> A typical kitchen scale has a sensitivity of 0.1 grams
As someone who's been looking for a good kitchen scale, your typical kitchen scale is actually precise to then nearest gram at best, and in terms of precision it's probably not very precise at all. 0.1g is rare, and these usually cost more, especially if they're actually reliable.
nxpnsv · 2m ago
Coffee specific scales typically are around 0.1g accurate.

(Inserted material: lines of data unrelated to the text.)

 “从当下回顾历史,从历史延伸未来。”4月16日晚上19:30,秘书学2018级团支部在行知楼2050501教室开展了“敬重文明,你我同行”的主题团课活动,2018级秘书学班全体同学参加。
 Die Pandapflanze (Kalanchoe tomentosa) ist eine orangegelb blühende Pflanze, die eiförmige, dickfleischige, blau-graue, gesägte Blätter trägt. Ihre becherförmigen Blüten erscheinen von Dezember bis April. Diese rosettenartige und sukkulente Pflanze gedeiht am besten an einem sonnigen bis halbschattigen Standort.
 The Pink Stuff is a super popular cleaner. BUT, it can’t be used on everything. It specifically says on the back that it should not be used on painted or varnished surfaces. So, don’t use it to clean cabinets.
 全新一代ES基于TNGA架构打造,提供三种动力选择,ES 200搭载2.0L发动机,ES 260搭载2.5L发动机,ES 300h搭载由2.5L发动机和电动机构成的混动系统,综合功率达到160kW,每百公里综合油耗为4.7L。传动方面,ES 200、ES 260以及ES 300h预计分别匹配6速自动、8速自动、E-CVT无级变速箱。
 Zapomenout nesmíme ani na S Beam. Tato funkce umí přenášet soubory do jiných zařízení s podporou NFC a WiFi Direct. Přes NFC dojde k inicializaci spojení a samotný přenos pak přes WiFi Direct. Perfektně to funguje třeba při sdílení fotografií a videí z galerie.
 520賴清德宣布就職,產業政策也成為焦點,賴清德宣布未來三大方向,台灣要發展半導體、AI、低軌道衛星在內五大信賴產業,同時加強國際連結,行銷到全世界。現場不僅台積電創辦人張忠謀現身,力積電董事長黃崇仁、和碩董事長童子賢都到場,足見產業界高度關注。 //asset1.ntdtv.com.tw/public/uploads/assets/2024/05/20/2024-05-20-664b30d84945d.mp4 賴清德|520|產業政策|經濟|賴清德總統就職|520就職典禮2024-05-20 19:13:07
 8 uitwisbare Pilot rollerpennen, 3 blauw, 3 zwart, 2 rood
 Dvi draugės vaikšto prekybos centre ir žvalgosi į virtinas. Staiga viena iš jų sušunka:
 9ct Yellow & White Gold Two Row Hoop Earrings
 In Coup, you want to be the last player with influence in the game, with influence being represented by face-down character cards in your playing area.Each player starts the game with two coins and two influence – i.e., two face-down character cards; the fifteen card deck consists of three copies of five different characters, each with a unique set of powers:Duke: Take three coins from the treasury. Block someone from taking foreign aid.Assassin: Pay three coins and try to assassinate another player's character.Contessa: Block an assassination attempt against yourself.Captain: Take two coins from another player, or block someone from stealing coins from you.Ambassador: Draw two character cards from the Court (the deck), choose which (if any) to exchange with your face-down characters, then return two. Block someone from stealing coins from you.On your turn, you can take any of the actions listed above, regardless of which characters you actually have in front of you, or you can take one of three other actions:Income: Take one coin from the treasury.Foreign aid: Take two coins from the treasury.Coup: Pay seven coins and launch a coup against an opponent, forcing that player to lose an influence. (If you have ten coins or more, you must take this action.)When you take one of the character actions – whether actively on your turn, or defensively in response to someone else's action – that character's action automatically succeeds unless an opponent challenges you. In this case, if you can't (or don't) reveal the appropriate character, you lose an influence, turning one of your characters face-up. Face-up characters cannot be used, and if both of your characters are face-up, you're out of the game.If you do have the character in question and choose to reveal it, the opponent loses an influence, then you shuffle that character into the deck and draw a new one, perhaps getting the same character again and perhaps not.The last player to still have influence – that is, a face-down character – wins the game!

They are a little more expensive, but certainly not unobtainable.
I have the ooni one that i use for my baking and to measure yeast and it was one of the best investments i made.
madcaptenor · 1h ago
I hadn't thought about this, but this is probably why in baking recipes where amounts of flour, sugar, etc. are specified by weight, baking powder and any spices will be specified by volume.
Of course this is all false precision once you start adding eggs.
duped · 20m ago
imo the reason to bake by weight is because the ratios of the major ingredients (flour, fat, sugar, and water) determines the properties of the dough, and it's impossible to measure by volume reliably (especially flour, which is the largest ingredient by weight in most recipes). Meanwhile you don't have to be precise with baking soda or yeast. Mix-ins like herbs are completely to taste. Salt could go either way.
Recipes absolutely adjust for the weight of the eggs and some rules of thumb for water and fat content. But that said, a chicken egg is like 55g with 10% tolerance (at least the eggs I buy, and I do everything by weight). 5g of mostly water one way or the other doesn't have a massive amount of impact on the dough, and you can always adjust based on feel after mixing.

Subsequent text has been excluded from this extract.